··· Material provided ···

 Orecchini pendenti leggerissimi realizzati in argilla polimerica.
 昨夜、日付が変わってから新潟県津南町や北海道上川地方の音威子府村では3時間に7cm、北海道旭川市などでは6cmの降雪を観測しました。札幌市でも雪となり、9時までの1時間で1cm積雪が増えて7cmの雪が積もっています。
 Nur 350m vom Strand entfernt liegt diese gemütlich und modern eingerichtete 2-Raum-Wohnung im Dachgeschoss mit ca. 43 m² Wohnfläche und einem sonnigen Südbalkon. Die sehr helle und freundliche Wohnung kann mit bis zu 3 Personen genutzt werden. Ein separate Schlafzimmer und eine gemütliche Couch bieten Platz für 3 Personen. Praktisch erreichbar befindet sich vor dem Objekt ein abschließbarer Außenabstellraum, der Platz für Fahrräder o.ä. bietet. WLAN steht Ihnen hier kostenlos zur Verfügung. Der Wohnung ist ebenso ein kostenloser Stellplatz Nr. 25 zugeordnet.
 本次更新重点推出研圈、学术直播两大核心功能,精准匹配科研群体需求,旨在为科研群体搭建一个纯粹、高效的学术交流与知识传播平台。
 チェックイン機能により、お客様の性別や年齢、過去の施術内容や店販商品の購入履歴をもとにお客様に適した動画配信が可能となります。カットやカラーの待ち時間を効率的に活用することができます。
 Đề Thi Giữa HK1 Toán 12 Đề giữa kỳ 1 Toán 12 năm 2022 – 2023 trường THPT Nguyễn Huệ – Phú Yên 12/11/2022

···
··· Material provided ···

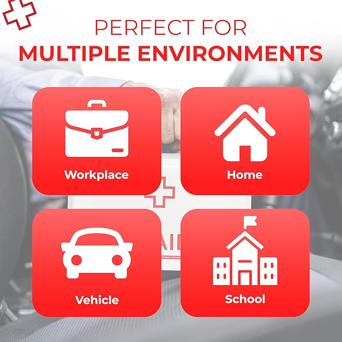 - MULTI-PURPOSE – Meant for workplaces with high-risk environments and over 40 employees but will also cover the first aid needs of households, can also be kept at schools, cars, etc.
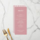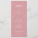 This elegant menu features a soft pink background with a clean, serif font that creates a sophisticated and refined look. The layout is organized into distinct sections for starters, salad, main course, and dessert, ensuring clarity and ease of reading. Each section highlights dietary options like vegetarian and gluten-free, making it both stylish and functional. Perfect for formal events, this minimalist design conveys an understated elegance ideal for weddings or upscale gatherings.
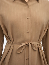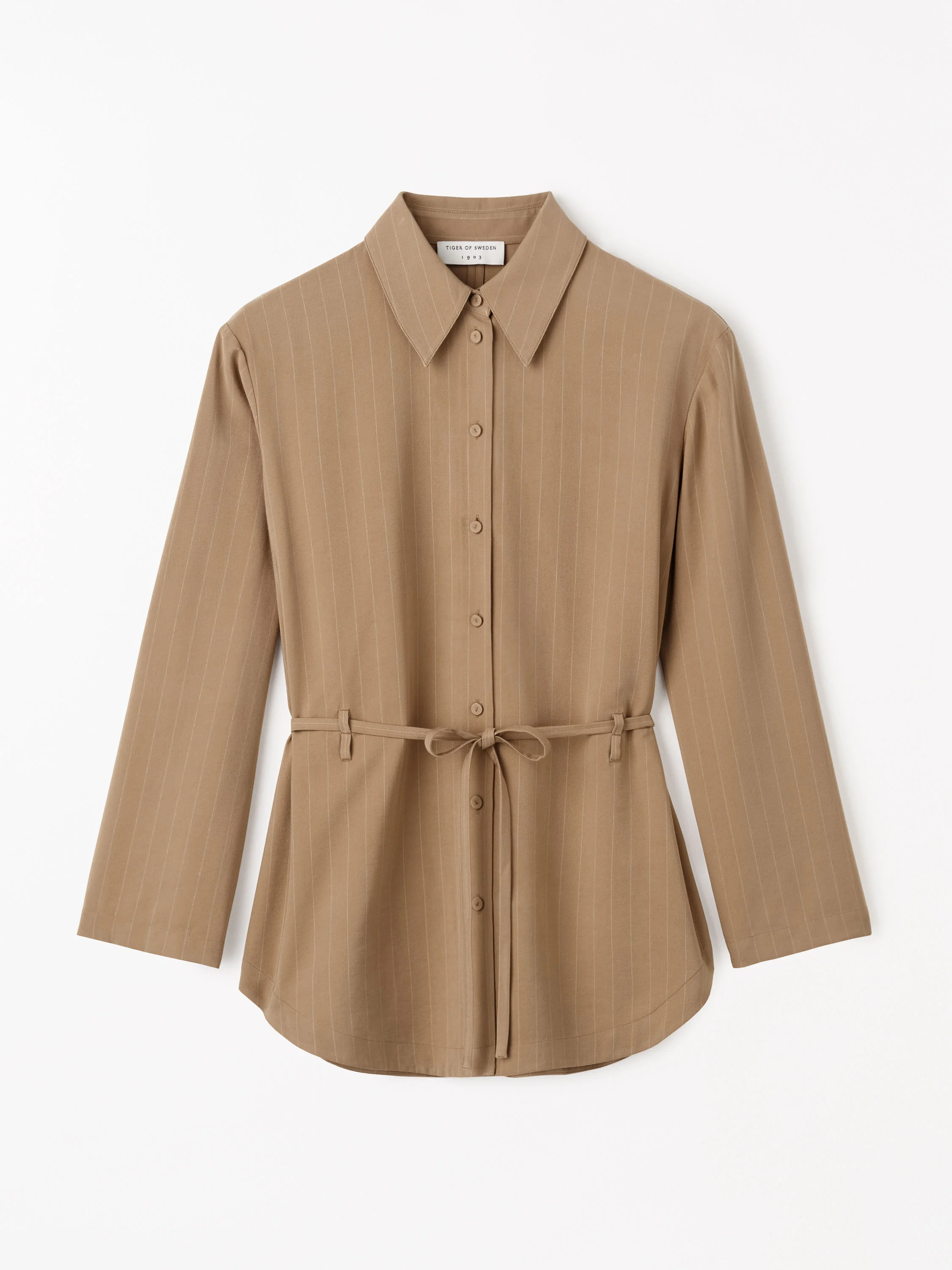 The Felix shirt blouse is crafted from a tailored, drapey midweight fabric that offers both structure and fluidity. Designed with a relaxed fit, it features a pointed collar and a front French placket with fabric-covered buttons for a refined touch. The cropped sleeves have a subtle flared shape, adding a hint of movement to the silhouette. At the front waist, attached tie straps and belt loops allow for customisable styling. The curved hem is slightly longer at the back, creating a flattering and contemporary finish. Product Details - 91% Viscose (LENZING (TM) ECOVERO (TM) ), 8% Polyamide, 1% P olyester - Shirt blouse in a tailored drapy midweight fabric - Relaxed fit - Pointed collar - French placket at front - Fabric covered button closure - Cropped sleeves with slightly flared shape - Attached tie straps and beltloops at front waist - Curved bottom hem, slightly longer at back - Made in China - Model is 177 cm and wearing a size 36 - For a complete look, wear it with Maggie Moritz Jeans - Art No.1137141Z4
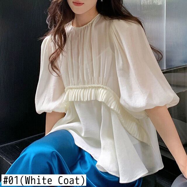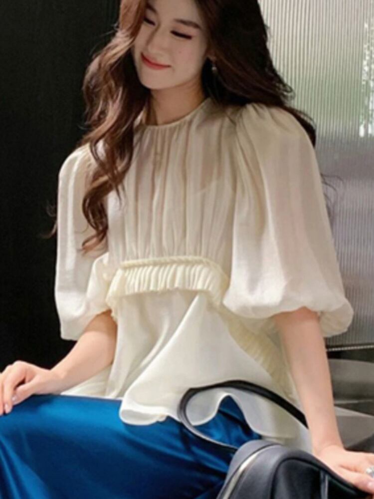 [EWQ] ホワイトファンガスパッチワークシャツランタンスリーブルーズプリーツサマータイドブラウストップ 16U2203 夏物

···

■ Your assignment: Starting at the line above that contains "Nur 350m vom", write out each line exactly until the line that contains "Đề Thi Giữa" has been written, and stop there.

■ Solution to this problem:
 Nur 350m vom Strand entfernt liegt diese gemütlich und modern eingerichtete 2-Raum-Wohnung im Dachgeschoss mit ca. 43 m² Wohnfläche und einem sonnigen Südbalkon. Die sehr helle und freundliche Wohnung kann mit bis zu 3 Personen genutzt werden. Ein separate Schlafzimmer und eine gemütliche Couch bieten Platz für 3 Personen. Praktisch erreichbar befindet sich vor dem Objekt ein abschließbarer Außenabstellraum, der Platz für Fahrräder o.ä. bietet. WLAN steht Ihnen hier kostenlos zur Verfügung. Der Wohnung ist ebenso ein kostenloser Stellplatz Nr. 25 zugeordnet.
 本次更新重点推出研圈、学术直播两大核心功能,精准匹配科研群体需求,旨在为科研群体搭建一个纯粹、高效的学术交流与知识传播平台。
 チェックイン機能により、お客様の性別や年齢、過去の施術内容や店販商品の購入履歴をもとにお客様に適した動画配信が可能となります。カットやカラーの待ち時間を効率的に活用することができます。
 Đề Thi Giữa HK1 Toán 12 Đề giữa kỳ 1 Toán 12 năm 2022 – 2023 trường THPT Nguyễn Huệ – Phú Yên 12/11/2022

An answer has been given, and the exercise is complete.